*Task statement*
Copy exactly, beginning with the line holding "विद्यार्थी भर्ना तथा शुल्क सम्बन्धमा" and ending with the final line of the data beneath this task; copy nothing else, and leave out every picture.

**** Data below ****

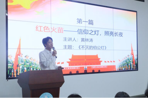 第一篇章:红色火苗,照亮长夜。活动伊始,“火苗”宣讲队黄林涛同学深情讲述了发生在闽西革命老区的“伯公灯”故事,生动诠释了革命战争年代军民鱼水情深和坚定不移的理想信念,这盏永不熄灭的灯深深触动在场师生。
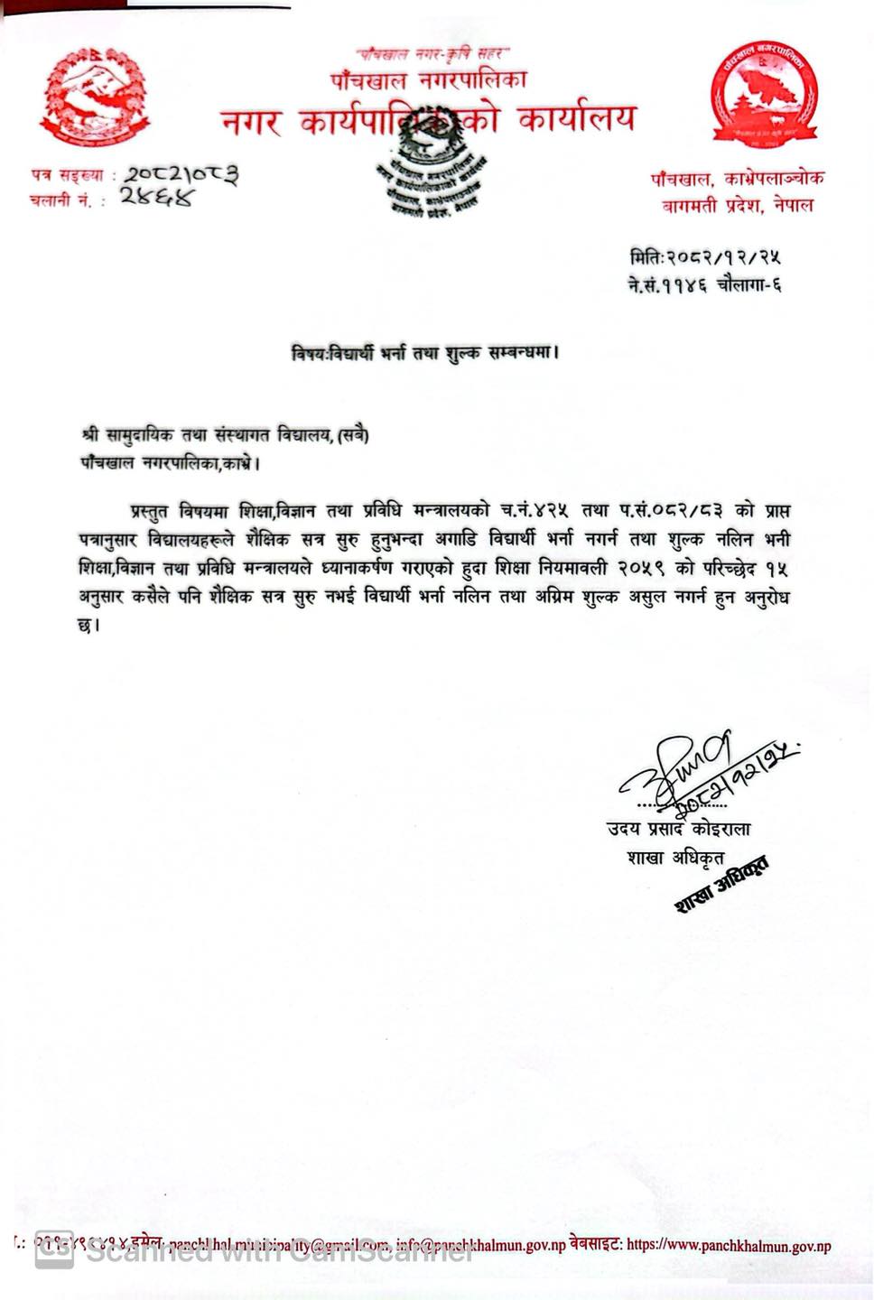 विद्यार्थी भर्ना तथा शुल्क सम्बन्धमा
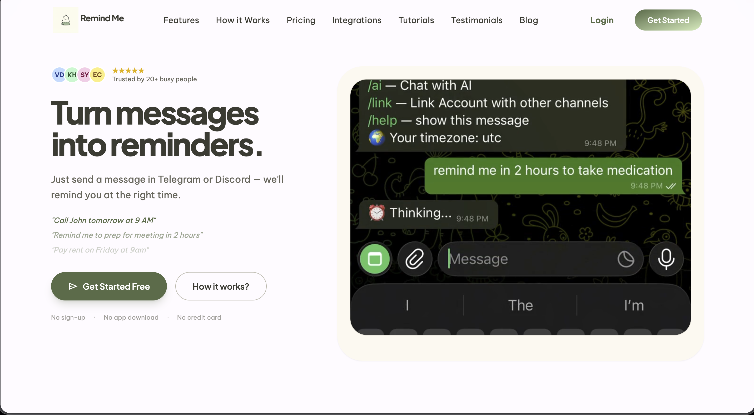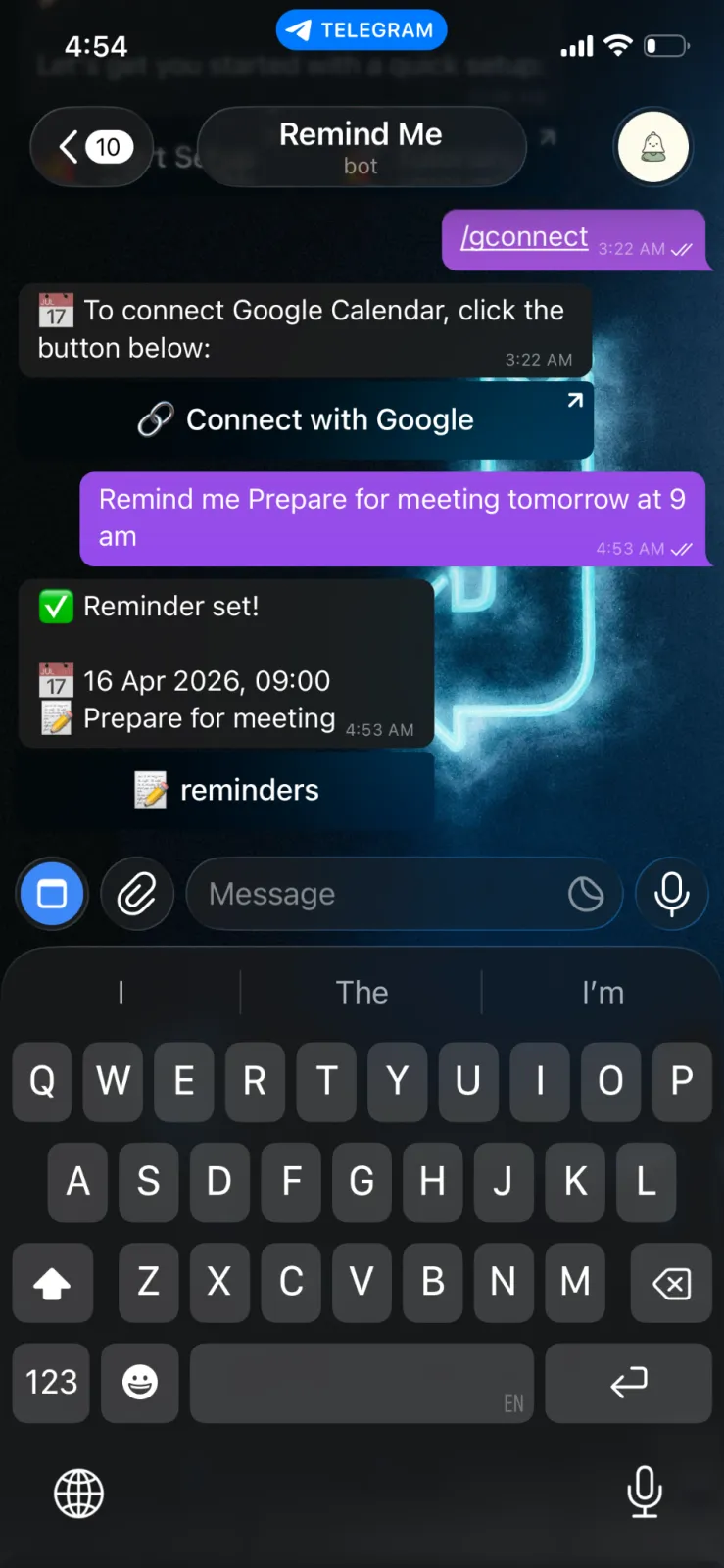 Remind Me Bot lets you set reminders on Telegram the way you'd tell a friend. Just type: "remind me in 2 hours call John" "remind me next Monday at 10am submit report" No forms. No date pickers. No app to download. Features: 1. Natural language parsing 2. Recurring reminders 3. Voice reminders - send a voice message, it transcribes and sets the reminder 4. Notes & files - attach a note or files...

****

*Solution*
 विद्यार्थी भर्ना तथा शुल्क सम्बन्धमा
 Remind Me Bot lets you set reminders on Telegram the way you'd tell a friend. Just type: "remind me in 2 hours call John" "remind me next Monday at 10am submit report" No forms. No date pickers. No app to download. Features: 1. Natural language parsing 2. Recurring reminders 3. Voice reminders - send a voice message, it transcribes and sets the reminder 4. Notes & files - attach a note or files...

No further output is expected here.